It could be said that classical editing does preserve a kind of psychological realism for the spectator. It is designed to present events in the way we would naturally understand them in our minds. For example, when we are scared an intruder will come into the protagonist's bedroom, it is natural to cut to a close-up of a turning doorknob. This will not feel like an unnatural cut for the audience, as it is exactly what everybody would direct their attention to in that same situation in real life. Bazin, however, sees this not as true realism, since a piece of reality is interpreted in only one way. Just because it is logical or natural to look at a turning doorknob when someone tries to enter your room, that does not mean it is the only available response. There is always a free interplay between human perception and its objects, no meaning or organization is ever truly fixed:

Classical editing totally suppresses this kind of reciprocal freedom between us and the object. It substitutes for a free organization, a forced breaking down where the logic of the shots controlled by the reporting of the action anesthetizes our freedom completely. (Bazin 1978, 58)

Bazin's preference of deep focus over montage thus amounts to an ethical disposition: the spectator should have the freedom to engage freely with the world recorded in the film playing before him, just like he has in real life. Real life is already full of significance and does not always need the

interpretation of an artist.4 It also takes skill to select the most powerful and appropriate images from

reality in order to reveal their significance. This is why Bazin was such a fan of Italian neorealism, since films in that style tried to transfer the social complexities of the real world unto celluloid with as little artifice as possible (shooting on location, using natural light, non-professional actors, simple narratives, etc.).

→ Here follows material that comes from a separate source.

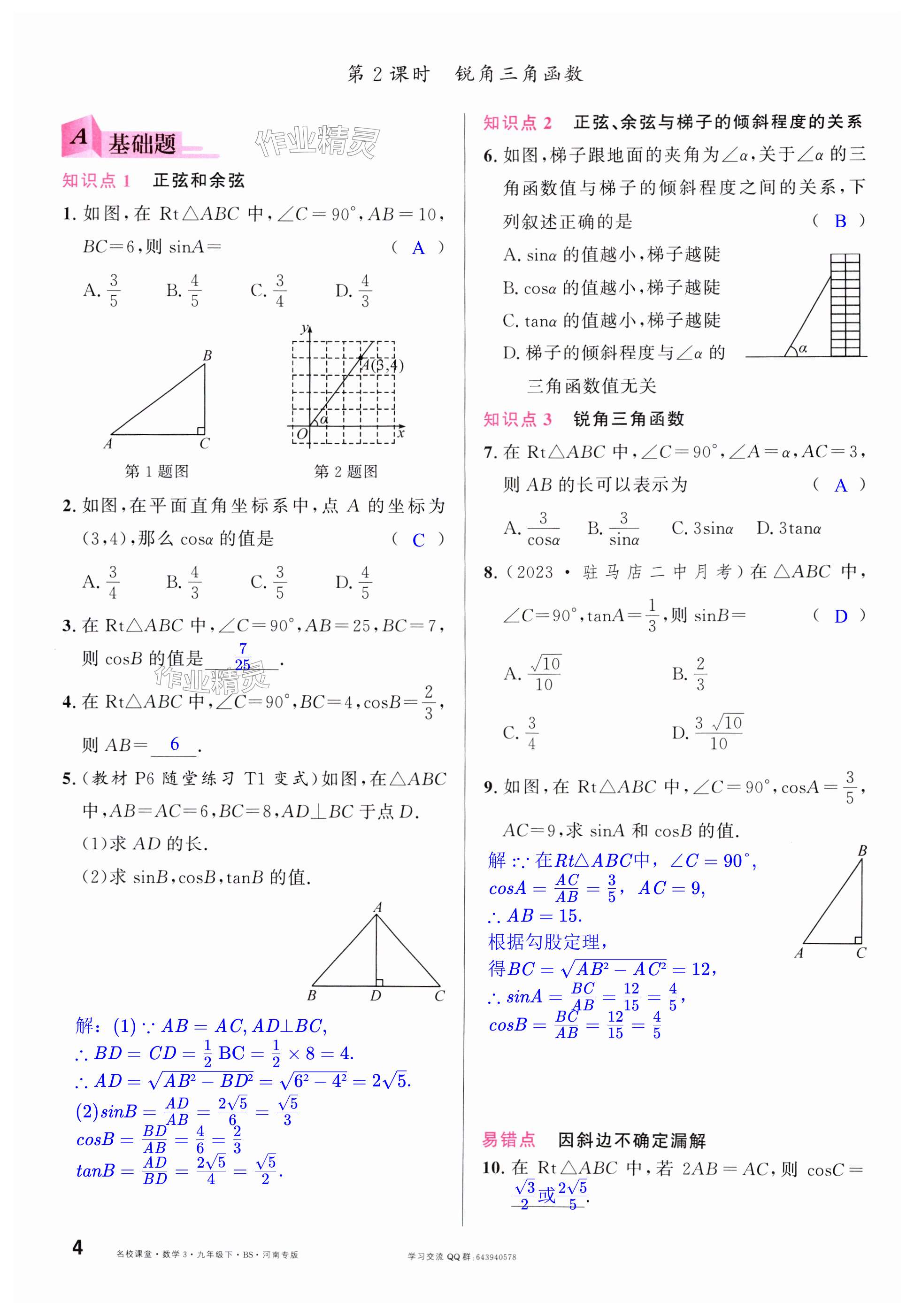 注:目前有些书本章节名称可能整理的还不是很完善,但都是按照顺序排列的,请同学们按照顺序仔细查找。练习册 2025年名校课堂九年级数学3下册北师大版河南专版 答案主要是用来给同学们做完题方便对答案用的,请勿直接抄袭。

What defines Bazin's theory, then, is an idealist view of the natural world and of cinema as a natural extension of that world. The world has a sense, one that cinema should lay bare, instead of transform: “It is the art of nature first because it comes to us automatically through a photochemical process and second because it reveals to us aspects of the world which formerly we were unable or unwilling to see” (Andrew 1976: 169). As indicated by the title of one of his most famous essays, Bazin believed in the evolution of cinema towards the “myth” of a perfect representation of reality. As we have seen, this myth has been an ever-present desire of mankind for preserving life, a desire that cinema came to fulfill through its mechanical base.

1.4 The influence of Bazin's medium specificity on film studies

Bazin's influence on the development of film studies can hardly be overestimated. As Dudley Andrew puts it:

4 I say “not always” because Bazin is not completely opposed to imaginative techniques like montage. He considers montage as another element in the filmmaker's handbook, one that can be utilized as a counterpoint to the more realistic techniques.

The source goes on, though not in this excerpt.